Japan's upper house has passed a bill officially classifying cryptocurrencies as financial products, accelerating discussions on introducing a spot Bitcoin ETF and lowering the tax rate. The move redefines digital assets from mere payment methods to investment assets akin to stocks, sparking significant market impact.
New regulatory framework for crypto
The revised Financial Instruments and Exchange Act (FIEA) now treats major cryptocurrencies like Bitcoin (BTC), Ethereum (ETH), and Ripple (XRP) as financial products, not just means of payment. This shift brings traditional financial discipline to the crypto market: insider trading using non-public information is banned, token issuers must disclose annual business and financial reports, and penalties for violations can reach up to 10 years in prison or a fine of 10 million yen.

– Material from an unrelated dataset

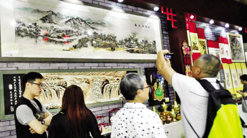 第十二屆中國(guó)(深圳)國(guó)際文化產(chǎn)業(yè)博覽交易會(huì)5月12日在深圳會(huì)展中心開幕。我市定襄縣晟龍木雕廠木雕、河邊雅藝軒澄泥仿古硯和繁峙縣晉繡坊刺繡作品參展,引起參觀者濃厚興趣。(本報(bào)記者 陳寶 攝)

For high-risk tokens, individual investment is capped at 2 million yen.
ETF and tax reform on the horizon
Alongside stricter rules, Japan is preparing market-boosting measures. Authorities are considering introducing spot crypto ETFs, with a target listing on the Tokyo Stock Exchange by 2027 or 2028. Major financial firms like Nomura Holdings and SBI Holdings are already preparing related products. The tax system is also likely to change: the current rate of up to 55% on crypto gains may be reduced to a flat 20%, similar to stocks. A three-year loss carryforward provision would allow investors to offset past losses against future profits, potentially effective from 2028.
Strategic implications for Asia
The crypto industry views Japan's move as a signal of mainstream adoption. While regulation tightens, product credibility and institutional capital inflows are expected to rise. With both a Bitcoin ETF and tax cuts being pursued, Japan is emerging as a key battleground in Asia's race to institutionalize digital assets, shifting the market from a payment focus to an investment-driven structure.